TASK DESCRIPTION
This task asks for the lines from the one with "我们这个家族共七个家庭三十余" to the final line below, repeated exactly, with pictures omitted.

DATA PROVIDED
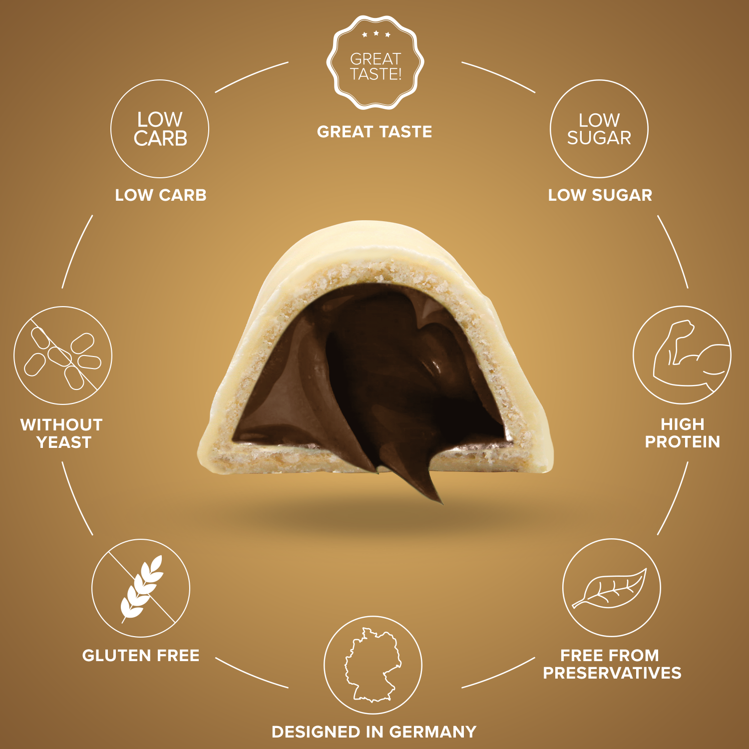 - 6 flavours of enjoyment: Exciting varieties with a crunchy wafer & creamy protein cream.
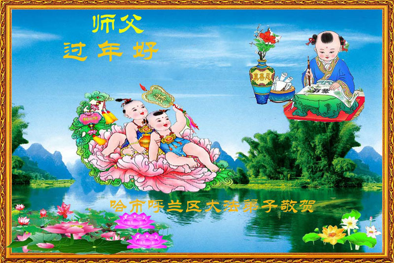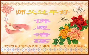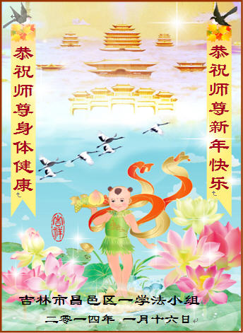 我们这个家族共七个家庭三十余口人。自从明白大法真相之后,我们就毅然退出了中共的党团队邪教组织,远离邪恶,保护救人的大法弟子,并且在平时顺应大法“真、善、忍”的标准行事,尽量多做好事,不做那些缺德事,托大师的福,我们家家都多次受益,上班的工作顺利,经商的买卖兴隆,上学的成绩优秀,最近几年,家族中出了六个研究生,家家幸福平安,人人健康愉快。我们对李大师非常敬仰,非常感激!特在中华传统节日新年到来之际,给尊敬的李大师拜年!祝李大师新年愉快!谢谢李大师!
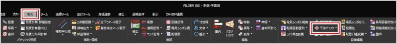 [電気]タブの[干渉チェック]プルダウンメニューから[干渉箇所確認]コマンド(
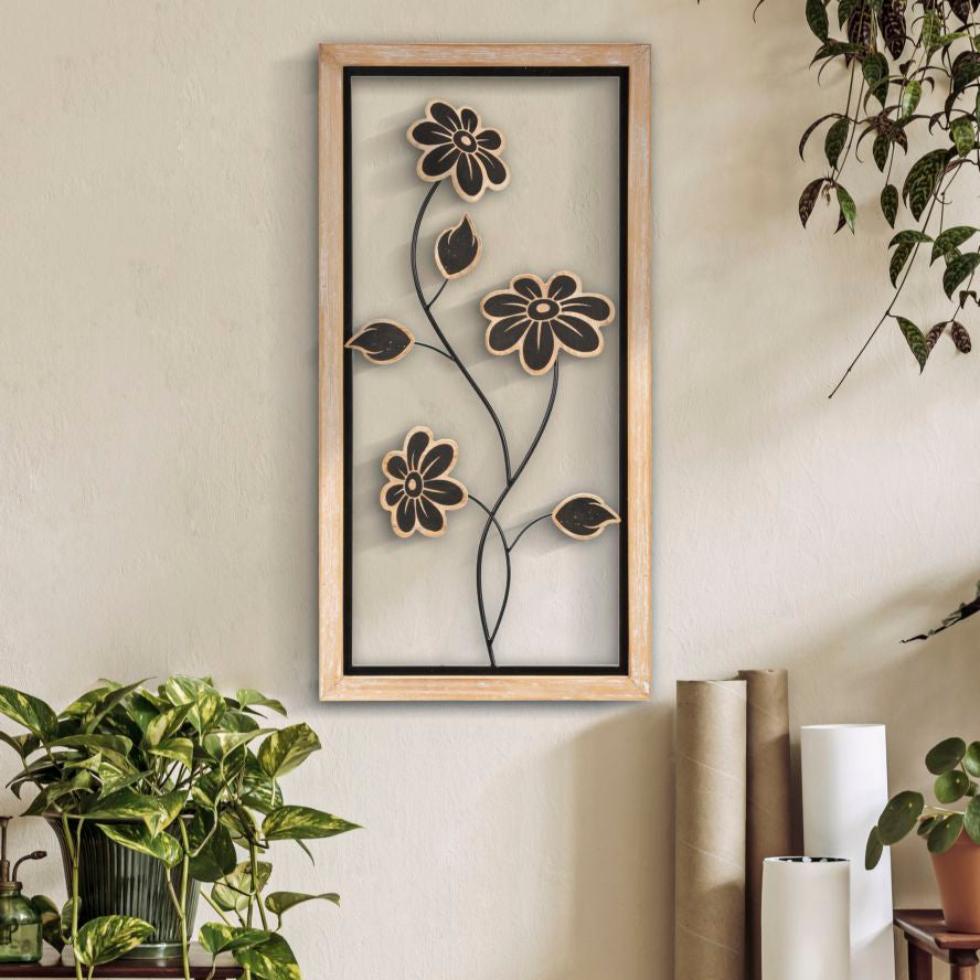 Pannello decorativo 3D da parete in metallo e legno composto da eleganti fiori racchiusi in una cornice rettangolare in legno.

RESPONSE AREA
 我们这个家族共七个家庭三十余口人。自从明白大法真相之后,我们就毅然退出了中共的党团队邪教组织,远离邪恶,保护救人的大法弟子,并且在平时顺应大法“真、善、忍”的标准行事,尽量多做好事,不做那些缺德事,托大师的福,我们家家都多次受益,上班的工作顺利,经商的买卖兴隆,上学的成绩优秀,最近几年,家族中出了六个研究生,家家幸福平安,人人健康愉快。我们对李大师非常敬仰,非常感激!特在中华传统节日新年到来之际,给尊敬的李大师拜年!祝李大师新年愉快!谢谢李大师!
 [電気]タブの[干渉チェック]プルダウンメニューから[干渉箇所確認]コマンド(
 Pannello decorativo 3D da parete in metallo e legno composto da eleganti fiori racchiusi in una cornice rettangolare in legno.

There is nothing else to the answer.